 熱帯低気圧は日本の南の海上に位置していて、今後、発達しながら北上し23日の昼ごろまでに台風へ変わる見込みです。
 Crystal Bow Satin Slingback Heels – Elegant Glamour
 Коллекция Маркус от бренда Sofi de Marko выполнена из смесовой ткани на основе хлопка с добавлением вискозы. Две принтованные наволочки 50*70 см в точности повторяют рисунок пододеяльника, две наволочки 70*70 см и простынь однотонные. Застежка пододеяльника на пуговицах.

+-------+

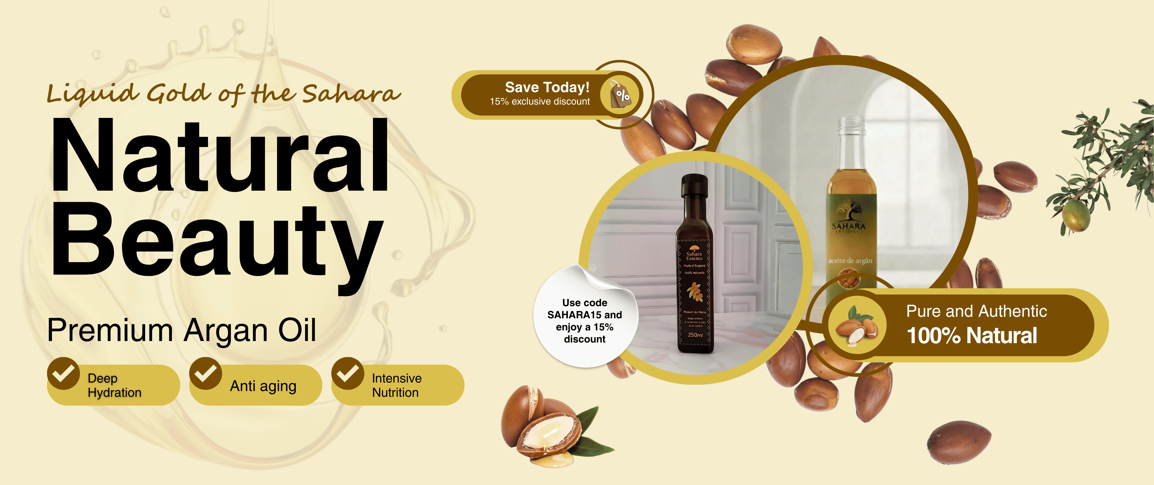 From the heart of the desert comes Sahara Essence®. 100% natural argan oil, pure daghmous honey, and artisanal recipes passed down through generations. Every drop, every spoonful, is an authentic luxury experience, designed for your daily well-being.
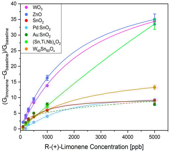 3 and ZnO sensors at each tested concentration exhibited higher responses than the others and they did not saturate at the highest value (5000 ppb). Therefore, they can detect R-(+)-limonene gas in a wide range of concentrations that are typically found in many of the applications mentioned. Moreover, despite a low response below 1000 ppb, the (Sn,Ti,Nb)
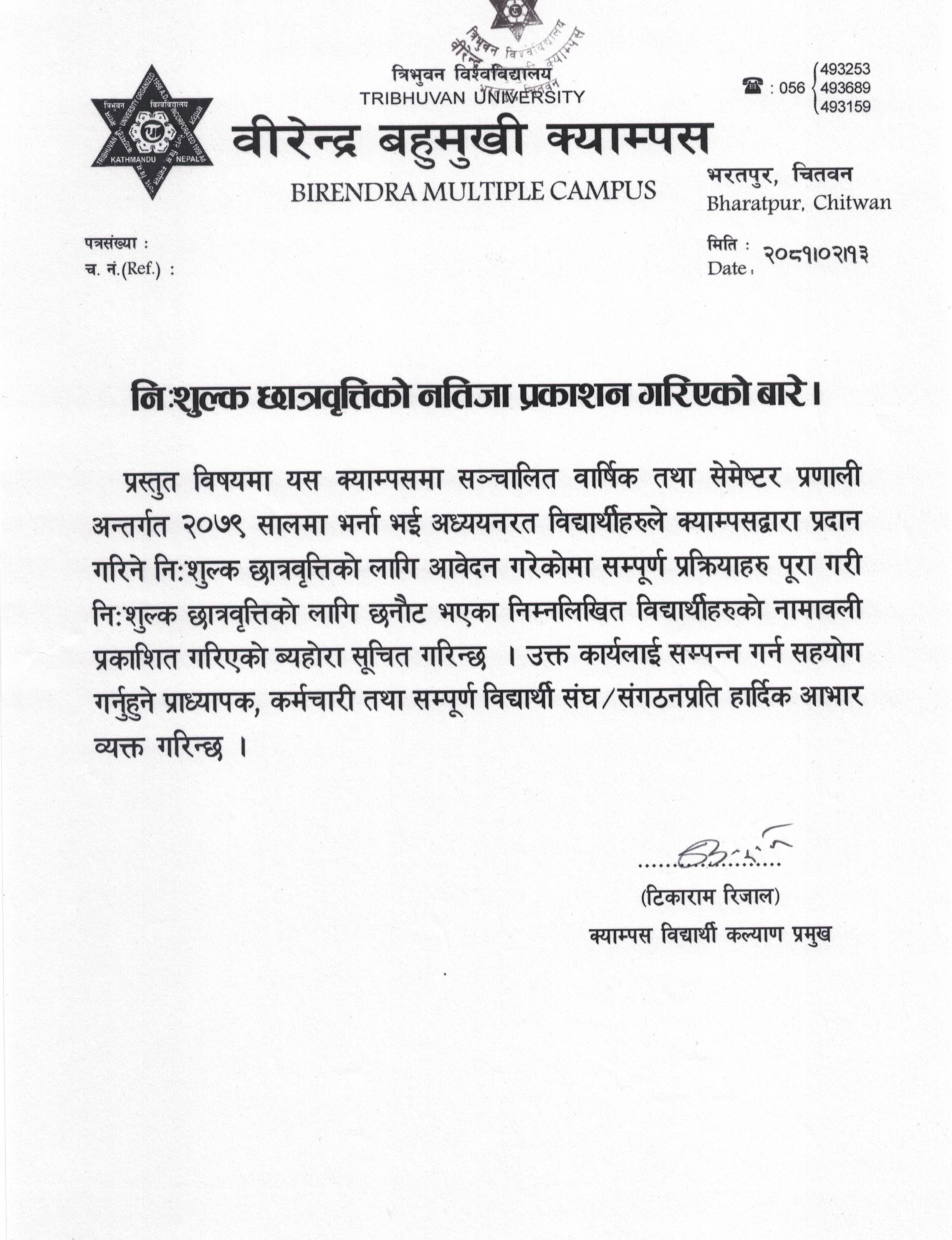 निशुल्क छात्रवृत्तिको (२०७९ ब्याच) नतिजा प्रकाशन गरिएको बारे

+-------+

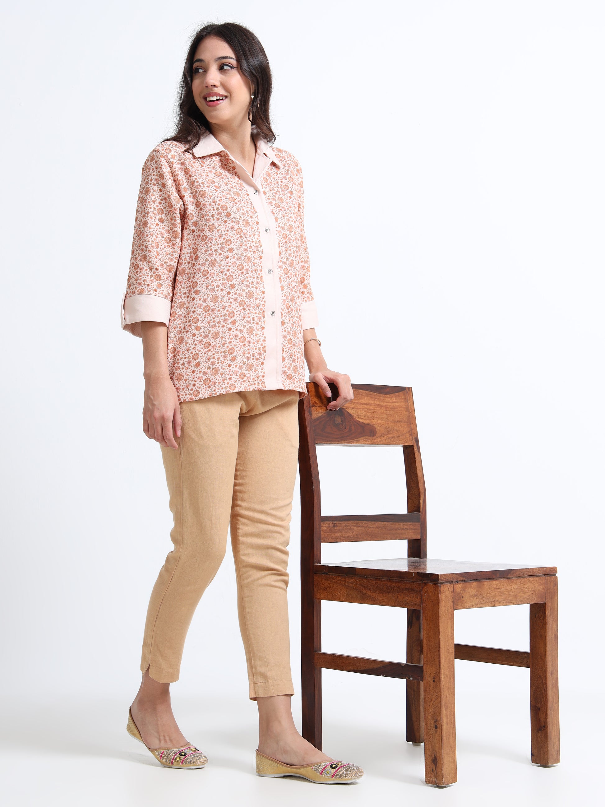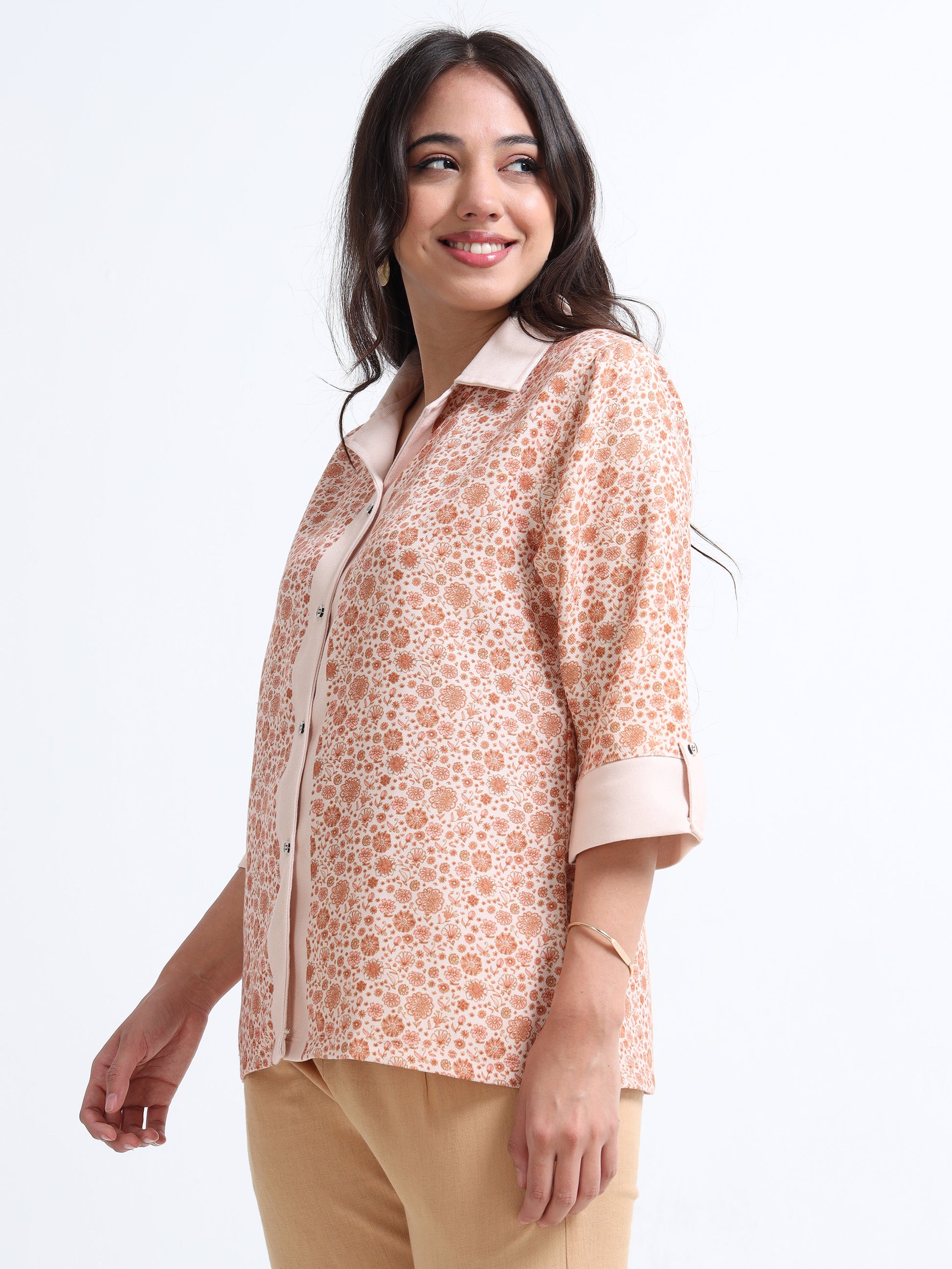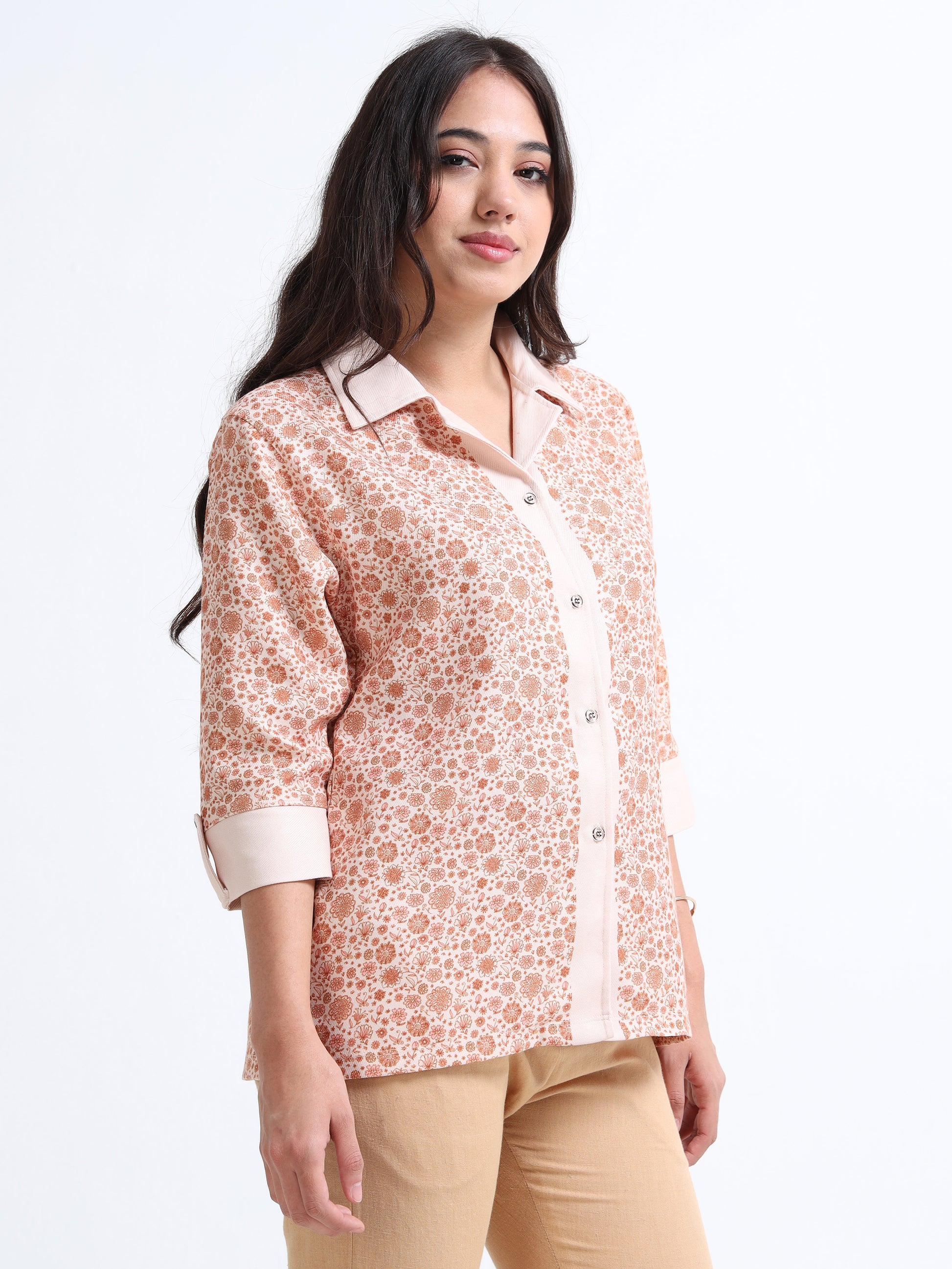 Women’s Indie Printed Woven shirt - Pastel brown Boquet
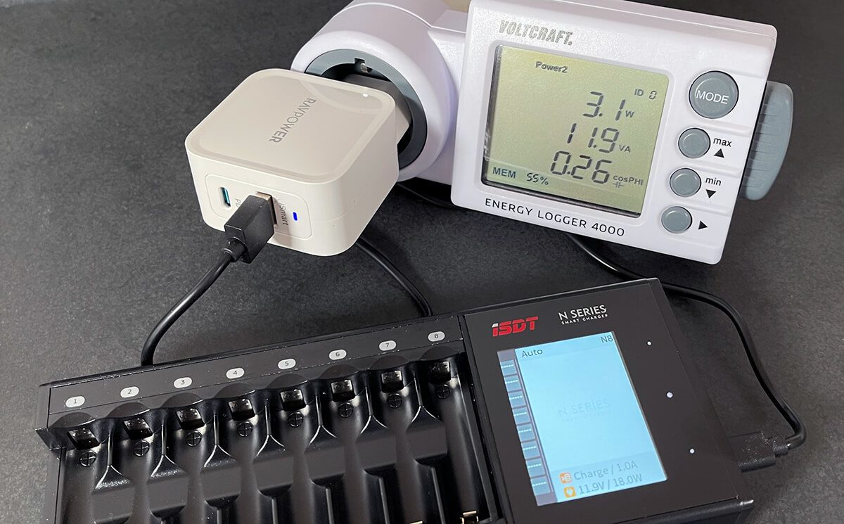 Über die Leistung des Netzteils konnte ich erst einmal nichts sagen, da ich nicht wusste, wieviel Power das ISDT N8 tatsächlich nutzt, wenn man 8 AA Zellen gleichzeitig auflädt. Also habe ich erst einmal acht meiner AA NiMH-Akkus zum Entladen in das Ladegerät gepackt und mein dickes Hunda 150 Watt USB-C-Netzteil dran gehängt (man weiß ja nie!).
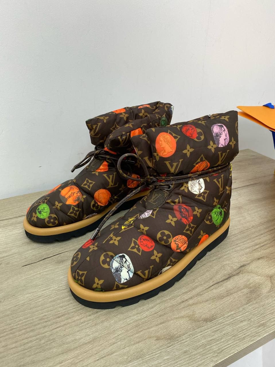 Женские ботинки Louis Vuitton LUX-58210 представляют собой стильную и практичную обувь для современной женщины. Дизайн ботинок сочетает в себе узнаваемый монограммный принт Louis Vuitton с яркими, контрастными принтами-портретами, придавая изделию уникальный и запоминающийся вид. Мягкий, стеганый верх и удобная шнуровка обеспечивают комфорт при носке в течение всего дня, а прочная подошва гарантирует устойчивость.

+-------+

*Description of the task:* In the entries above, find the line containing "Über die Leistung" and the line containing "Женские ботинки Louis"; give again exactly those two lines and every line between them, minus the pictures.

*Response:*
 Über die Leistung des Netzteils konnte ich erst einmal nichts sagen, da ich nicht wusste, wieviel Power das ISDT N8 tatsächlich nutzt, wenn man 8 AA Zellen gleichzeitig auflädt. Also habe ich erst einmal acht meiner AA NiMH-Akkus zum Entladen in das Ladegerät gepackt und mein dickes Hunda 150 Watt USB-C-Netzteil dran gehängt (man weiß ja nie!).
 Женские ботинки Louis Vuitton LUX-58210 представляют собой стильную и практичную обувь для современной женщины. Дизайн ботинок сочетает в себе узнаваемый монограммный принт Louis Vuitton с яркими, контрастными принтами-портретами, придавая изделию уникальный и запоминающийся вид. Мягкий, стеганый верх и удобная шнуровка обеспечивают комфорт при носке в течение всего дня, а прочная подошва гарантирует устойчивость.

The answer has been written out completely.